Article Category: Review
Pubblicato online: 10 apr 2024
Pagine: 45 - 51
Ricevuto: 30 lug 2023
Accettato: 13 feb 2024
DOI: https://doi.org/10.2478/ahem-2024-0004
Parole chiave
© 2024 Keji Zheng et al., published by Sciendo
This work is licensed under the Creative Commons Attribution-NonCommercial-NoDerivatives 4.0 International License.
Gastrointestinal stromal tumors (GISTs) arising from the interstitial cells of Cajal are the most frequent type of mesenchymal tumors in the gastrointestinal tract [1]. While the mainstay of treatment for primary resectable GIST is complete surgical resection, significant advances have been made in the treatment of recurrent or metastatic GIST with the development of tyrosine kinase inhibitors (TKIs) such as imatinib [2,3,4,5].
A number of reviewed studies suggest that surgical resection of GISTs in combination with TKIs may be of benefit to patients with recurrent or metastatic GIST [6,7,8,9], possibly due to the assumption that operation lessens the tumor burden and slows the development of secondary resistance to TKIs therapy, and helps improve prognosis [10,11]. Nevertheless, conflicting data have been reported [12], as it has a limited prolongation of survival and is accompanied by a high likelihood of surgical complications. Therefore, there is a necessity to re-evaluate the effect of surgery in combination with TKIs in patients with recurrent or metastatic GISTs.
This study conducted a meta-analysis to explore survival rates between TKIs plus surgery and TKIs treatment alone in patients with recurrent or metastatic GISTs.
The following keyword combinations and their variants were searched in PubMed, Web of Knowledge, and Ovid databases by July 31, 2022: “gastrointestinal stromal tumors,” “recurrence,” “metastasis,” “surgery,” and “TKIs.” The reference lists of relevant studies were manually checked for missing studies.
The eligibility of the identified studies for inclusion in the review was assessed by carefully examining the title, abstract, and keywords of each record retrieved. Studies were limited to studies published in English and Chinese. Clinical studies on any aspect of the comparison between surgery plus TKIs and TKIs alone for the treatment of recurrent or metastatic GISTs were also included. In accordance with the PICOS model [13], the following inclusion criteria were applied: (a) Participants: patients with GISTs; (b) Interventions: patients received surgery plus TKIs therapy; (c) Comparison: patients received TKIs; (d) Outcome: progression-free survival, overall survival; and (e) Study design: retrospective study.
Three co-authors (ZK, GB, and YT) separately evaluated the methodological quality of every study on the basis of the Methodological Index Criteria for Non-Randomized Studies (MINORS) [14]. Variables such as the following were recorded: authors, publication journal and year, number of patients, sex, age, tumor size, use of TKIs, surgical management, overall survival (OS), and progression-free survival (PFS). In case of necessity, we contacted the corresponding authors of the study for more information.
The quality of retrospective studies was estimated in accordance with the Newcastle–Ottawa Scale (NOS) [15]. Study quality assessment evaluated each case-control study based on three elements, including selection, comparability, and exposure outcome conditions. The maximum score for the scale is a total of 9. “Good” is defined as a total score of 7–9, “fair” a total score of 4–6, and “poor” a total score of <4.

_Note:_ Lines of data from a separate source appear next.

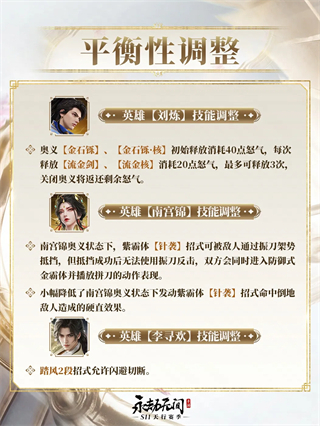 基于后台数据与玩家反馈,S11赛季将对刘炼、南宫锦、李寻欢三位英雄进行针对性调整,旨在提升对战公平性与玩法多样性,确保每位英雄都能在战场上发挥独特价值。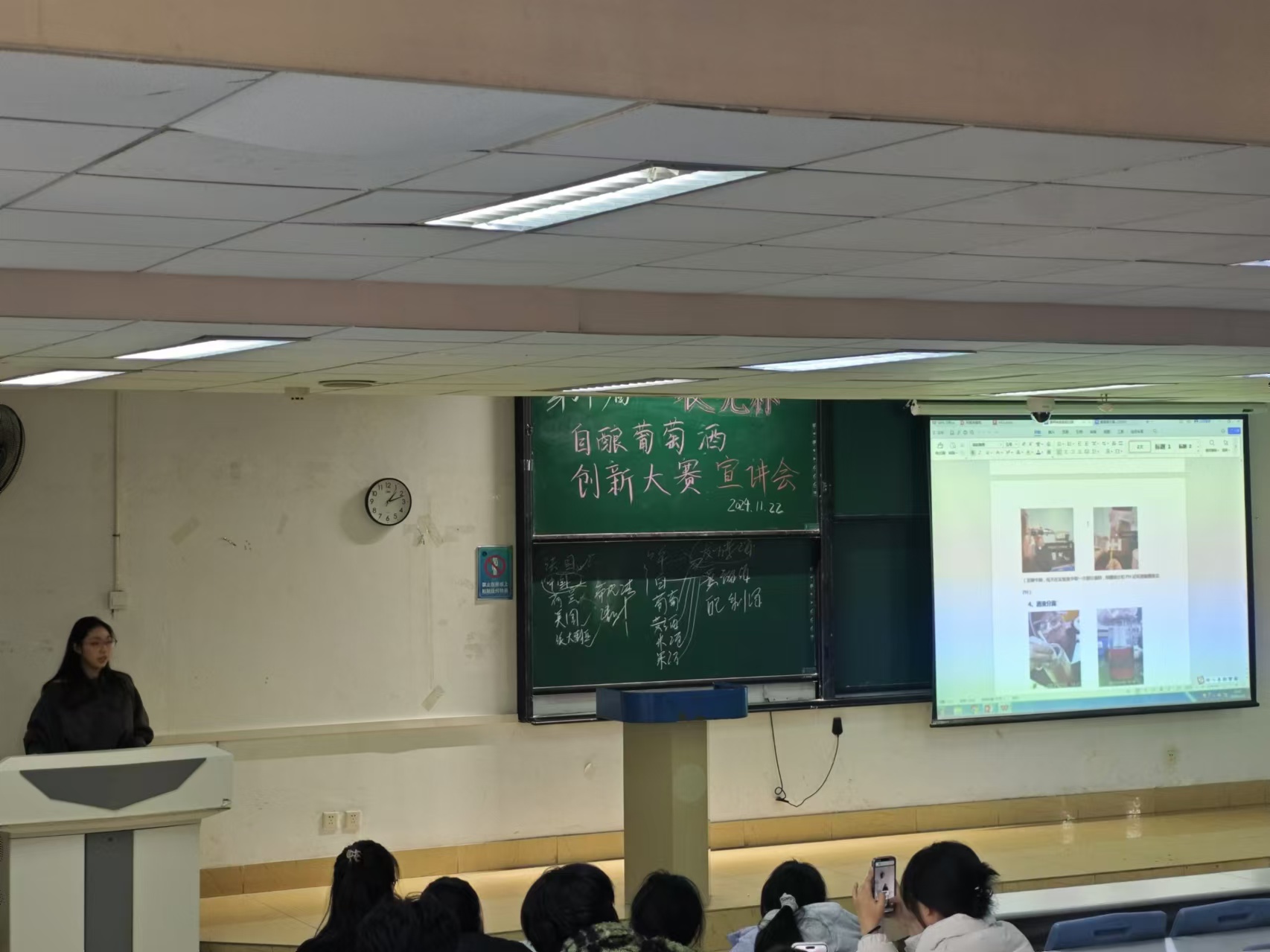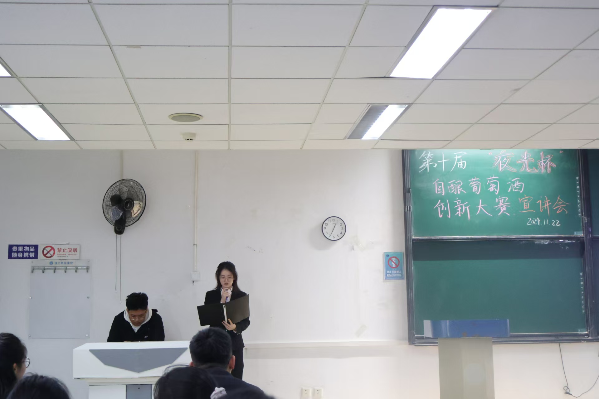 专业教师韩晓为现场同学带来别开生面、充满惊喜的葡萄酒文化与品鉴宣讲。韩老师以深入浅出的方式为同学们深入剖析了葡萄酒的历史文化脉络、复杂精妙的酿造工艺以及极具艺术感的品鉴技巧。更为精彩的是,韩老师现场开启了一瓶葡萄酒,为学生们现场讲解分享。同学们仿若置身于一个充满魅力与奥秘的葡萄酒世界,沉浸其中,不时地提出问题,与老师积极互动,现场气氛热烈似火。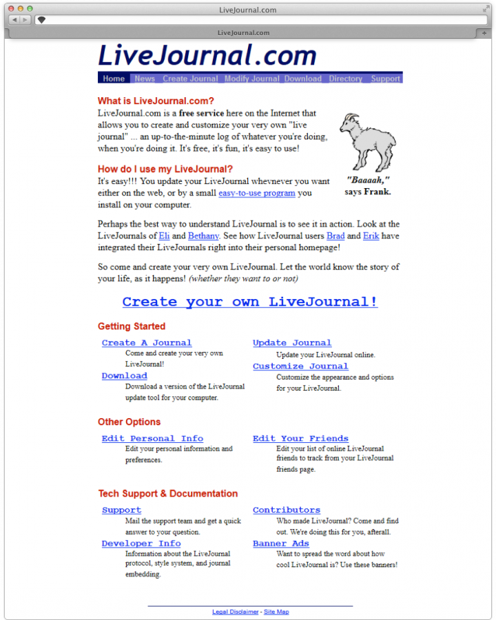 15 апреля «ЖЖшечка» отметила свое 20-летие — именно в этот день американский программист-любитель Бред Фицпатрик зарегистрировал доменное имя LiveJournal.com. Через полгода, в ноябре 1999-го, пользователь at опубликовал первый пост на русском, а у платформы появился собственный маскот — козел по имени Фрэнк. Свой первый логотип, автором которого стал Джаретт Хэзер, LiveJournal обрел в 2000 году, а к концу года пользователи уже могли вступать в первые сообщества.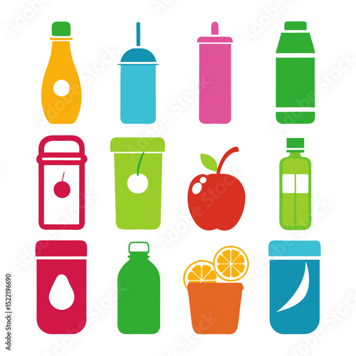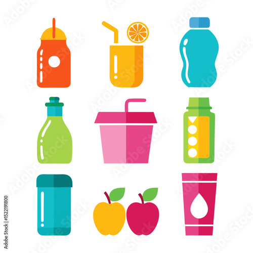 Equipment and accessories for sports nutrition, fitness supplements, protein cocktail and replenish body vitamin preparation vector illustration. Various bottle and shakers, guide steps of using for cooking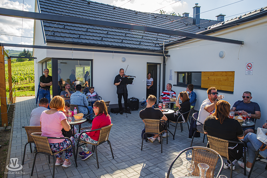 Történelmi és helytörténeti kalandozásunkat a Napostetőn zártuk, ahol a Borteraszon egy pohár bor mellett Uwe Scheer hegedűművész játékát élvezhettük.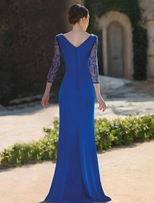 Tight Column Wedding Guests Generous and Elegant Dress Formal Wedding Guests Floor length 3/4 Long Sleeves V-Neck Elastic Belt Folded Bead Decoration

A formal meta-analysis of all included studies was performed to compare the survival rates between the surgery plus TKIs group and the TKIs only group. Heterogeneity was analyzed using Q statistics and I2 statistics, which measures the extent to which differences between studies can be attributed to inter-study variation rather than chance. P<0.05 for the Q statistic and I2>50% were considered to indicate strong heterogeneity. A fixed effects model was used to calculate pooled estimates for OS and PFS. However, with P < 0.05 and I2 > 50% for heterogeneity, a random effects model was used. Survival outcomes such as 3- and 5-year OS rate data were analyzed by dichotomous variables with an estimation of odds ratio (OR) together with a 95% confidence interval (CI). In all the tests, a P value smaller than 0.05 was considered statistically significant. Begg’s and Egger’s tests [16, 17] were used to estimate the publication bias. The statistical analyses in this review were conducted using the Cochrane Collaboration’s Review Manager software (version 5.0) and STATA software (version 14.0).
After a thorough examination, 8 studies [8, 9, 18,19,20,21,22,23] were included in our meta-analysis (Figure 1). The initial search yielded 83 publications. Excluding the duplicates, irrelevant topics, non-original studies, studies without a control group or TKIs alone group or surgery alone group, 54 full-text articles were assessed for qualification. Finally, 8 studies [8, 9, 18,19,20,21,22,23] with therapies—TKIs plus surgery and TKIs alone in patients with recurrent or metastatic GISTs—were eligible and included in our meta-analysis (Fig. 1).
Figure 1.
Flow chart of literature selection process
A total of 842 patients were recruited for these eight studies, 326 of whom underwent surgery after treatment with TKIs and 516 of whom received TKIs alone. 304 GIST patients included in seven studies were reported surgical margins, and the surgical management was illustrated in Table 1. R0 resection rates were demonstrated to be as low as 60.5%. The patients in 5 studies received TKIs preoperatively and postoperatively, the other 3 studies received TKIs postoperatively. The year of publication ranged from 2005 to 2022. The recruitment period ranged from 2001 to 2018. The characteristics of the included studies are presented in Table 1 and Table 2.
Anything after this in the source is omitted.